The fighters attacked civilians with machetes and assault rifles, leaving behind beheaded and bullet-ridden bodies. Thousands of people have fled the besieged city for the coast.

The violence lasted several days and culminated at the Amarula Palma Hotel, an oasis for expats and foreign workers, where helicopters evacuated people barricaded inside and searched for others hiding nearby. Reports put the death toll anywhere from scores to hundreds.

The bloodshed was a surprise to most but likely not to the US Army Green Berets who have been in Cabo Delgado for weeks training Mozambique's army, according to a March report by The New York Times.

According to The Times, "two dozen" of the elite soldiers were in the region as part of an ongoing effort to contain the militant group Ansar al-Sunna, known locally as al-Shabbab (unrelated to the Somali jihadist group), which recently confirmed its affiliation with ISIS.

The soldiers were part of what the Special Forces refers to as a Joint Combined Exchange Training, or JCET. Special Operations Command Africa initiated the JCET in Mozambique in March, sending two Special Forces teams, each with 12 soldiers, to Cabo Delgado.

A source close to Army Special Forces told Insider that the JCET has been reinforced with a Crisis Response Force - the Special Forces equivalent of a Tier 1 counter-terrorism force.

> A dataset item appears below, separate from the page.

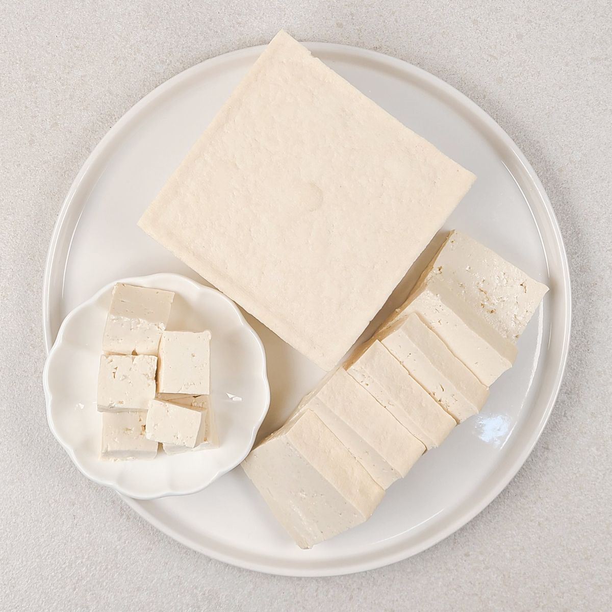 단단한 조직감으로 형태가 무너지지 않아 부침, 구이, 조림에 잘 어울리는 부침 두부입니다.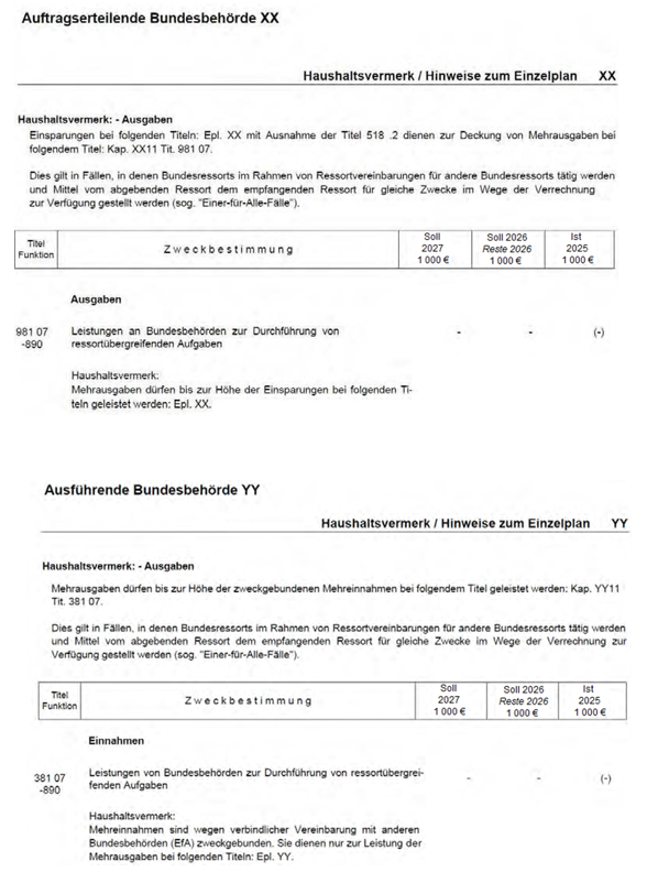 - Einer-für-alle-FälleUnter „Einer-für-alle-Fälle“ sind Fälle zu verstehen, in denen ein Bundesressort im Rahmen von Ressortvereinbarungen für andere Bundesressorts tätig wird und Mittel vom abgebenden/beauftragenden Ressort dem empfangenden/auftragsdurchführenden Ressort für gleiche Zwecke im Wege der Verrechnung zur Verfügung gestellt werden. Es findet keine Verrechnung von Kosten, sondern ausschließlich von Ausgaben statt und die Verrechnung ist nur zwischen einzelnen Ressorts möglich. Weiterhin hat also das beauftragende Ressort für die ausreichende Veranschlagung entsprechender Haushaltsmittel Sorge zu tragen.Beim Auftrag erteilenden Ressort wird bei Kapitel ..11 ein Titel 981 07 „Leistungen an Bundesbehörden zur Durchführung von ressortübergreifenden Aufgaben“ eingerichtet und beim ausführenden Ressort ein Titel 381 07 „Leistungen von Bundesbehörden zur Durchführung von ressortübergreifenden Aufgaben“ sowie die jeweils korrespondierenden Ausgaben-Vermerke im jeweiligen Einzelplan (vergleiche Beispiel 28).Diese Titel sind auch zu verwenden, wenn erforderliche Titel beziehungsweise Haushaltsvermerke gemäß Nummer 14.1 noch nicht vorhanden sind.

According to the source, who spoke on the condition of anonymity, six 12-person Special Forces teams have been deployed to Mozambique.

Special Operations Command Africa, however, denied any CRF had deployed.

"There are no Contingency Response Forces from 3rd [Special Forces Group] or any other US unit in Mozambique," a spokesperson said. "The team currently in Mozambique is only there to conduct a Joint Combined Exchange Training."

Militants, mercenaries, and civilians under fire

Carried out all over the world, JCETs are billed as a way for Special Forces soldiers to get first-hand experience with foreign militaries, learn mission-essential skills, and build their local knowledge.

JCETs also allow the US military to put eyes on the ground in regions where conflict may be brewing, but they have been criticized for inadvertently equipping foreign forces with skills that are misused when the US departs.

On March 10, the US State Department designated Ansar al-Sunna as a terrorist organisation and officially confirmed its ties to ISIS. Conservative estimates put the current al-Sunna fighting force at 800 insurgents and growing rapidly.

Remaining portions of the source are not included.